[openstack-dev] [placement] The "intended purpose" of traits

Jay Pipes jaypipes at gmail.com
Fri Sep 28 16:12:47 UTC 2018


On 09/28/2018 09:25 AM, Eric Fried wrote:
> It's time somebody said this.
> 
> Every time we turn a corner or look under a rug, we find another use
> case for provider traits in placement. But every time we have to have
> the argument about whether that use case satisfies the original
> "intended purpose" of traits.
> 
> That's only reason I've ever been able to glean: that it (whatever "it"
> is) wasn't what the architects had in mind when they came up with the
> idea of traits.

Don't pussyfoot around things. It's me you're talking about, Eric. You 
could just ask me instead of passive-aggressively posting to the list 
like this.

> We're not even talking about anything that would require changes to
> the placement API. Just, "Oh, that's not a *capability* - shut it
> down."
That's precisely the attitude that got the Nova scheduler into the 
unmaintainable and convoluted mess that it is now: "well, who cares if a 
concept was originally intended to describe X, it's just *easier* for us 
to re-use this random piece of data in ways it wasn't intended because 
that way we don't have to change anything about our docs or our API".
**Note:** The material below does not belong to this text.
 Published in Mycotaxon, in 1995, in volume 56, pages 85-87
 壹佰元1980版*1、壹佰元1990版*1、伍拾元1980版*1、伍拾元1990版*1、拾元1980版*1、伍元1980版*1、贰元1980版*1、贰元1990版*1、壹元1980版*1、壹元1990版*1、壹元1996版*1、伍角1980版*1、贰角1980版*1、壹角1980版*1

And *this* is the kind of stuff you end up with:

https://github.com/openstack/nova/blob/99bf62e42701397690fe2b4987ce4fd7879355b8/nova/scheduler/filters/compute_capabilities_filter.py#L35-L107

Which is a pile of unreadable, unintelligible garbage; nobody knows how 
it works, how it originally was intended to work, or how to really clean 
it up.

> Bubble wrap was originally intended as a textured wallpaper and a
> greenhouse insulator. Can we accept the fact that traits have (many,
> many) uses beyond marking capabilities, and quit with the arbitrary
> restrictions?

They aren't arbitrary. They are there for a reason: a trait is a boolean 
capability. It describes something that either a provider is capable of 
supporting or it isn't.

Conceptually, having boolean traits/capabilities is important because it 
allows the user to reason simply about how a provider meets the 
requested constraints for scheduling.

Currently, those constraints include the following:

* Does the provider have *capacity* for the requested resources?
* Does the provider have the required (or forbidden) *capabilities*?
* Does the provider belong to some group?
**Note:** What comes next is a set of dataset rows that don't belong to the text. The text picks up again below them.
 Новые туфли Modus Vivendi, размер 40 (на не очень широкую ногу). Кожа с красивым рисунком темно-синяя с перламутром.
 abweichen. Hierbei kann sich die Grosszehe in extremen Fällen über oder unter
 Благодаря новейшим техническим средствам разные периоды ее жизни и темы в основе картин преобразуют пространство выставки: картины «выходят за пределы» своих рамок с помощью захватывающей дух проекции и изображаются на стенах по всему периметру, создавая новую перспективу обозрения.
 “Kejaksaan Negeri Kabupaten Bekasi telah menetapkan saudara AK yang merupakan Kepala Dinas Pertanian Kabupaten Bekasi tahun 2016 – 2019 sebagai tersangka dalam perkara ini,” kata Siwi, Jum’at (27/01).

If we want to add further constraints to the placement allocation 
candidates request that ask things like:

* Does the provider have version 1.22.61821 of BIOS firmware from 
Marvell installed on it?
* Does the provider support an FPGA that has had an OVS program flashed 
to it in the last 20 days?
* Does the provider belong to physical network "corpnet" and also 
support creation of virtual NICs of type either "DIRECT" or "NORMAL"?
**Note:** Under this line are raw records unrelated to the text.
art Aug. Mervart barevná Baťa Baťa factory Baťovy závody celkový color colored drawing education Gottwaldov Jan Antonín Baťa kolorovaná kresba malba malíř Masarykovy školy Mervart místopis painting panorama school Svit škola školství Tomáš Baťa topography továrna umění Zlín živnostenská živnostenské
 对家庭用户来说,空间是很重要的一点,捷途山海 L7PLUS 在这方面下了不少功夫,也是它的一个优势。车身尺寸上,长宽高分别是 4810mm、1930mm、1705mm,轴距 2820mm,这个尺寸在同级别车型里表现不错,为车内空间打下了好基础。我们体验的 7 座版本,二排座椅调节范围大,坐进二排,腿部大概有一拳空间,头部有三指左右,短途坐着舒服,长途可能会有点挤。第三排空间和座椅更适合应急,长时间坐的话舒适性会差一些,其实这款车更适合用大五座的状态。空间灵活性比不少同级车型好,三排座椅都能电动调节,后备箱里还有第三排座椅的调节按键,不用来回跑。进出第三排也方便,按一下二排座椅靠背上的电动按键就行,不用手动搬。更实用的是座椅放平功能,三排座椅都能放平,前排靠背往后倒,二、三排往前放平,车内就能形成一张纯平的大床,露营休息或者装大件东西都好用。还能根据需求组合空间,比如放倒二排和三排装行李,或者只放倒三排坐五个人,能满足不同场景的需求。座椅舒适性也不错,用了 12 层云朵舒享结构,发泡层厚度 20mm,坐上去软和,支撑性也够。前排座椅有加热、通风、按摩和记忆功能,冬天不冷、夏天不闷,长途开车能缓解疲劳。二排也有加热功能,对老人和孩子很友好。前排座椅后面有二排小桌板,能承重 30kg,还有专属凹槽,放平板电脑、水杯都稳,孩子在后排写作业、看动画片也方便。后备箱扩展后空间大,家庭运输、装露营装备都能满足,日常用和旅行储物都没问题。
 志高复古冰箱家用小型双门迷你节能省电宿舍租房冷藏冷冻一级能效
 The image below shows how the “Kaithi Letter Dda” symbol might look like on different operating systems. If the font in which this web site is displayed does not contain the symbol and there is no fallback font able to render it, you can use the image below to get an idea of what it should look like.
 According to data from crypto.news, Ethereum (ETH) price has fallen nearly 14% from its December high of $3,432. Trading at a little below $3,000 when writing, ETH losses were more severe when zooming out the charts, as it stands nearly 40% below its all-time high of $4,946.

Then we should add a data model that allow providers to be decorated 
with key/value (or more complex than key/value) information where we can 
query for those kinds of constraints without needing to encode all sorts 
of non-binary bits of information into a capability string.

Propose such a thing and I'll gladly support it. But I won't support 
bastardizing the simple concept of a boolean capability just because we 
don't want to change the API or database schema.